Copying rule for the data below: pictures stay out, and only the lines from the one with "This free, in-person" down to the one with "8.量産1号品 KR'Z-ND CABLE【彩】IRODORI", inclusive, are repeated exactly.

====== Data extracts

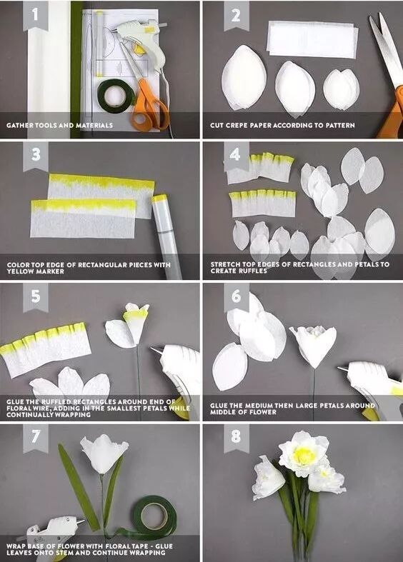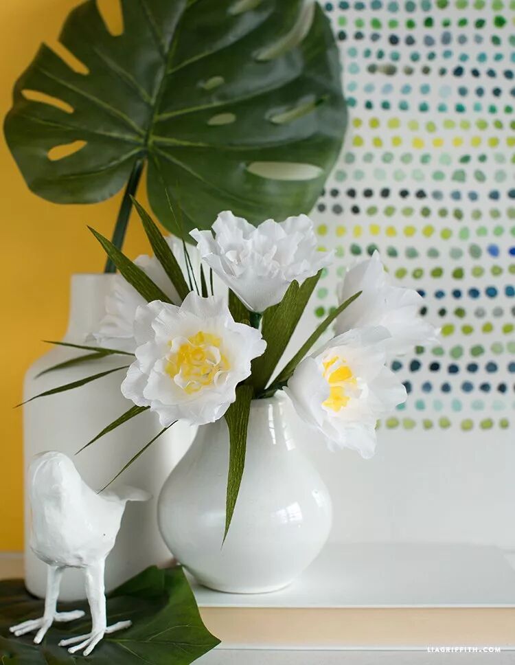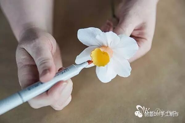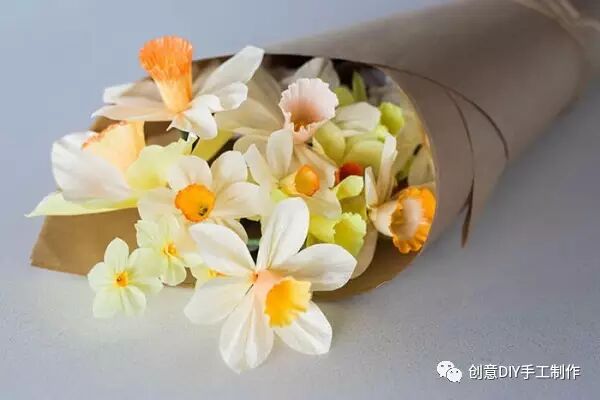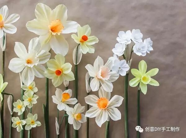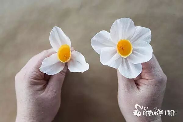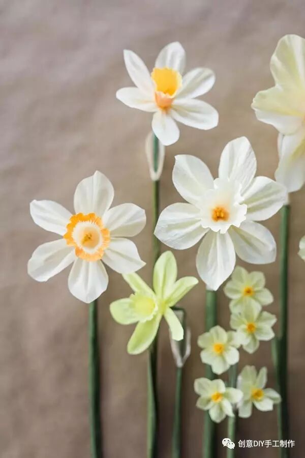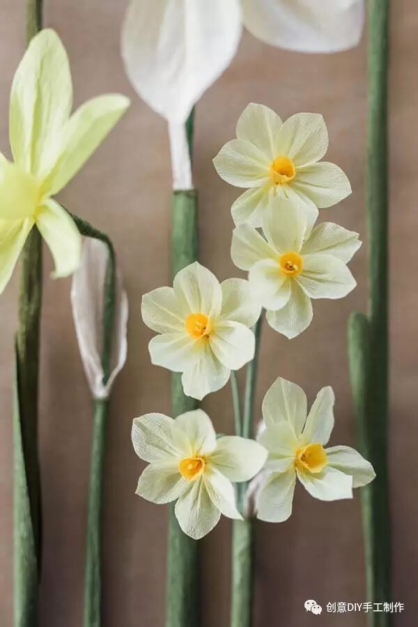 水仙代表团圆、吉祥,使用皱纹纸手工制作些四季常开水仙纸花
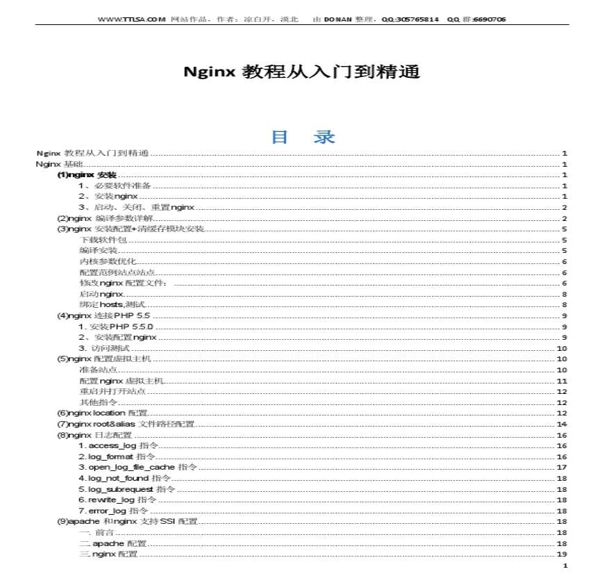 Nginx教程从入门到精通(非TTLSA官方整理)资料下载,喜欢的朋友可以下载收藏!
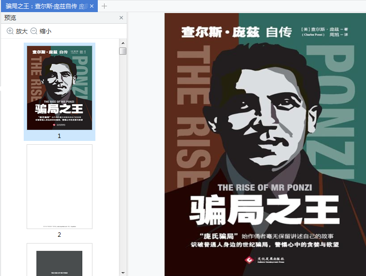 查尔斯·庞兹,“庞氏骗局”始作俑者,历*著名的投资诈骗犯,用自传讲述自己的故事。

============
====== Data extracts

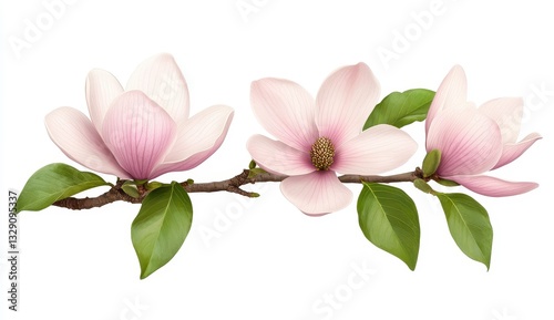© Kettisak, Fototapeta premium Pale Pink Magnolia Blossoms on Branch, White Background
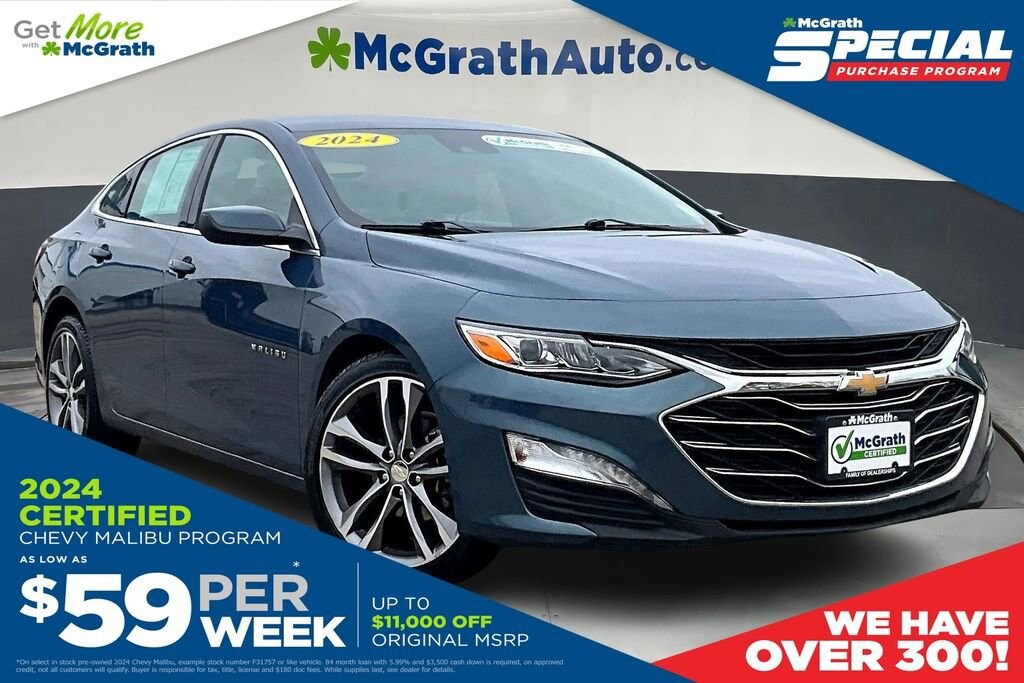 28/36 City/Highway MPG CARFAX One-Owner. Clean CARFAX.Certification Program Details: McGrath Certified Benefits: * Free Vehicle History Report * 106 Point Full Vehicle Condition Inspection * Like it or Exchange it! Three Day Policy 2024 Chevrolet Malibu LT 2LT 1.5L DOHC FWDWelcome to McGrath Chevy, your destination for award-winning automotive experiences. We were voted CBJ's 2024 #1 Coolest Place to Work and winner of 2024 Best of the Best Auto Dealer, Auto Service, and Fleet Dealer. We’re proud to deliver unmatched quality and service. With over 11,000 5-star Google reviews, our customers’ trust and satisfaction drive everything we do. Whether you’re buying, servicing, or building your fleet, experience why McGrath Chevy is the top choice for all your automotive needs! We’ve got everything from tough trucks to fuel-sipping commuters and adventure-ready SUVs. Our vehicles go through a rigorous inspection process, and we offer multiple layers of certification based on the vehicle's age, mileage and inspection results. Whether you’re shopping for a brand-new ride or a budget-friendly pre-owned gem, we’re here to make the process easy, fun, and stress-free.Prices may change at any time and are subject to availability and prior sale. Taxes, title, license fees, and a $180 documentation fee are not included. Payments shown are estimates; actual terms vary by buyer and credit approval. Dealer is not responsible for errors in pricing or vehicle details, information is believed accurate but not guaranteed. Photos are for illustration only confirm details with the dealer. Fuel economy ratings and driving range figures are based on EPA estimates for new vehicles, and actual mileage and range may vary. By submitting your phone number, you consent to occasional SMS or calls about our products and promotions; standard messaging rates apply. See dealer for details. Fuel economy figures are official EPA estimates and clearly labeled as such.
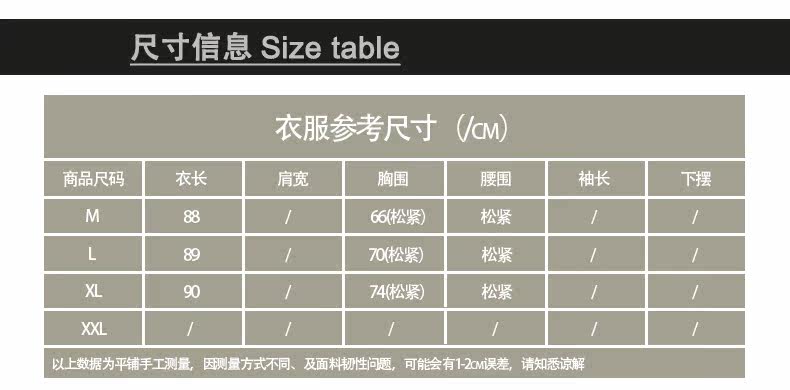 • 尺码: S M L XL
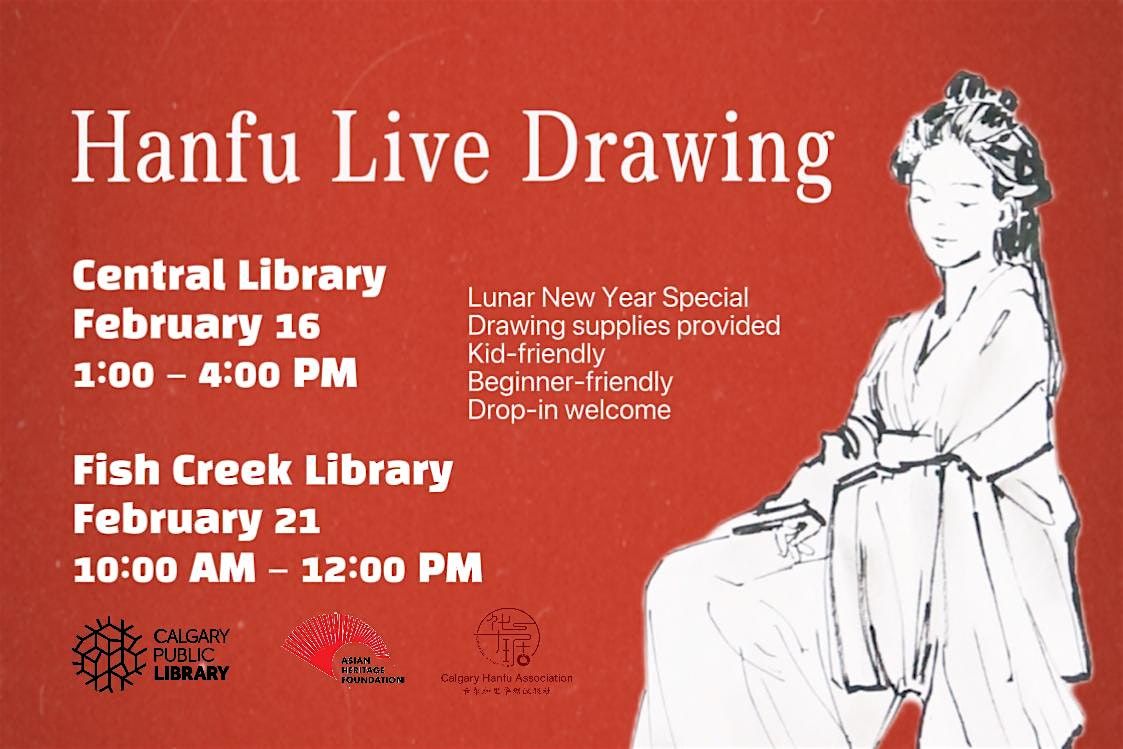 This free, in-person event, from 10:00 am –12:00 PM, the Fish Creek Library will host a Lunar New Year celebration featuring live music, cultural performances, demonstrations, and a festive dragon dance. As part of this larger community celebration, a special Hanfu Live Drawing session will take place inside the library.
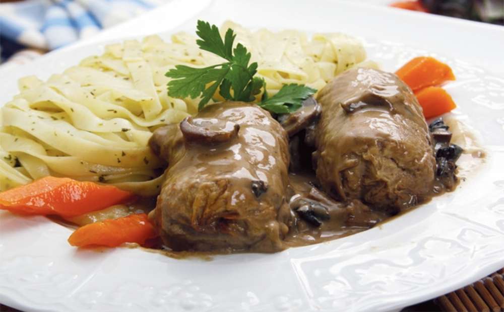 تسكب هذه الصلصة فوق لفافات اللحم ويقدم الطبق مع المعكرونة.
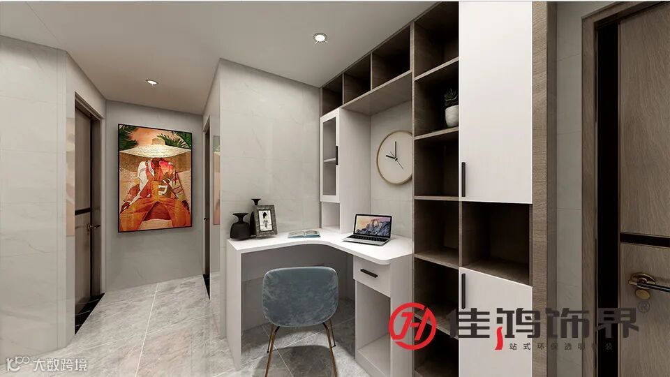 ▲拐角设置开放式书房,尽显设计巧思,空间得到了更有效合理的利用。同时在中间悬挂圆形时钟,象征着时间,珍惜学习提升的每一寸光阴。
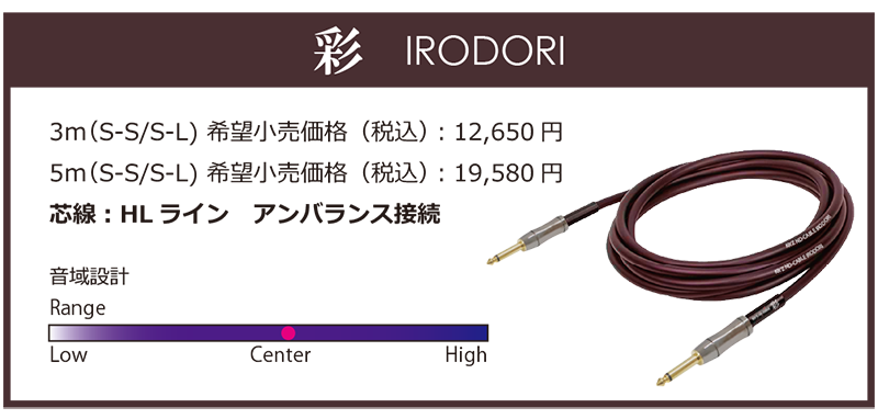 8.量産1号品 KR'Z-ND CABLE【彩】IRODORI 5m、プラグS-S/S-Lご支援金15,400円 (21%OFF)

============

# Response area:
 This free, in-person event, from 10:00 am –12:00 PM, the Fish Creek Library will host a Lunar New Year celebration featuring live music, cultural performances, demonstrations, and a festive dragon dance. As part of this larger community celebration, a special Hanfu Live Drawing session will take place inside the library.
 تسكب هذه الصلصة فوق لفافات اللحم ويقدم الطبق مع المعكرونة.
 ▲拐角设置开放式书房,尽显设计巧思,空间得到了更有效合理的利用。同时在中间悬挂圆形时钟,象征着时间,珍惜学习提升的每一寸光阴。
 8.量産1号品 KR'Z-ND CABLE【彩】IRODORI 5m、プラグS-S/S-Lご支援金15,400円 (21%OFF)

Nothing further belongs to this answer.